Full-text retrieval fundamental (3)

How to search in Index

How to find the result you want most, or the most relevant result with query phrase?

1. first: User input query pharse

The basic query grammar like “AND”, “OR”, “NOT”.
elephant and tiger or lion not sheep

2. second: Query pharse lexical analysis, syntax analysis, and language processing

lexical analysis used to distinguish words and key words
syntax analysis used to build a grammar tree by syntax rule
language processing just like the processe in building Index. check page 2

3. third: Traverse Index, get result that fit syntax tree

first find the documents contain words(elephant tiger lion) in the posting list.
second merge documents contain both elephant, tiger or lion.
third separate documents contain sheep, got result contain both elephant, tiger or lion not sheep.
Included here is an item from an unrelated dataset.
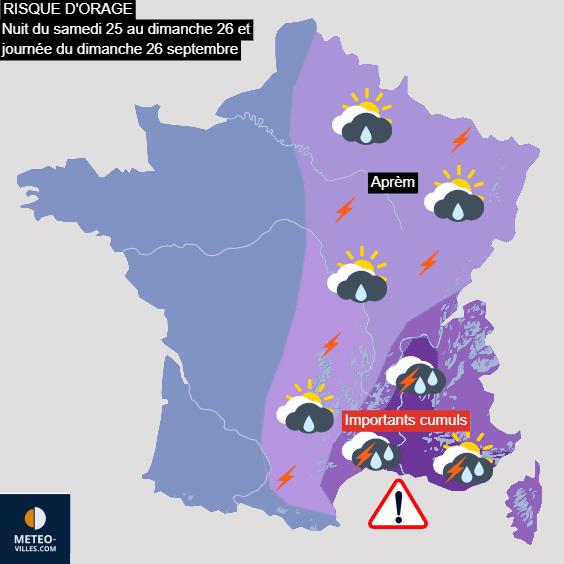 C'est donc entre la fin de journée de samedi 25 et la fin de journée du dimanche 26 septembre que la situation se montrera la plus instable sur le Sud et notamment le Sud-Est du pays. Le risque d'orages très pluvieux n'est pas négligeable, notamment entre la vallée du Rhône et le littoraux méditerranéens en raison d'une forte teneur en eau précipitable de l'atmosphère mais également d'une instabilité marquée pour la période près de la Méditerranée.

4. fourth: Sort result by relevant between query pharse and search result

How to calculate the relevance between documents and query pharse?
Toke query pharse as a shot document, scoring relevance between documents, the higher score is the higher rank document is.
How to score the relevance between documents?
It’s not easy a thing

Check what is the important factors between documents
Check the relation between these factors

The process of finding the importance of a word (Term) to a document is called the weight (Term) process.
The process of judging the relationship between Term to get document relevance using an algorithm called Vector Space Model

Term weight process

This is a simple classic implementation, lucene’s have a little difference

$w_{t_\eta}{_d} = tf_{t_\eta}{_d} \times log(n/df_t)$

$w{t\eta}{_d}$ = the weight of the term t in document d
$tf{t\eta}{_d}$ = frequency of term t in document d
$n$ = total number of documents
$df_t$ = the number of documents that contain term t

Term Frequency (tf): How many times this Term show in this document, the bigger tf is , the more importance this Term is.
Document Frequency (df)：How many documents contain this Term, the bigger df is, the less importance this Term is.

Like programmer, the deeper technology you leanr is better(tf big), the less technology people know is better (df little). When finding job your competitive power would be grate. Man’s value is about unsubsititutability

Vector Space Model

Less the two vector’s angle is the more relevance is
We take two vector’s consine as the score point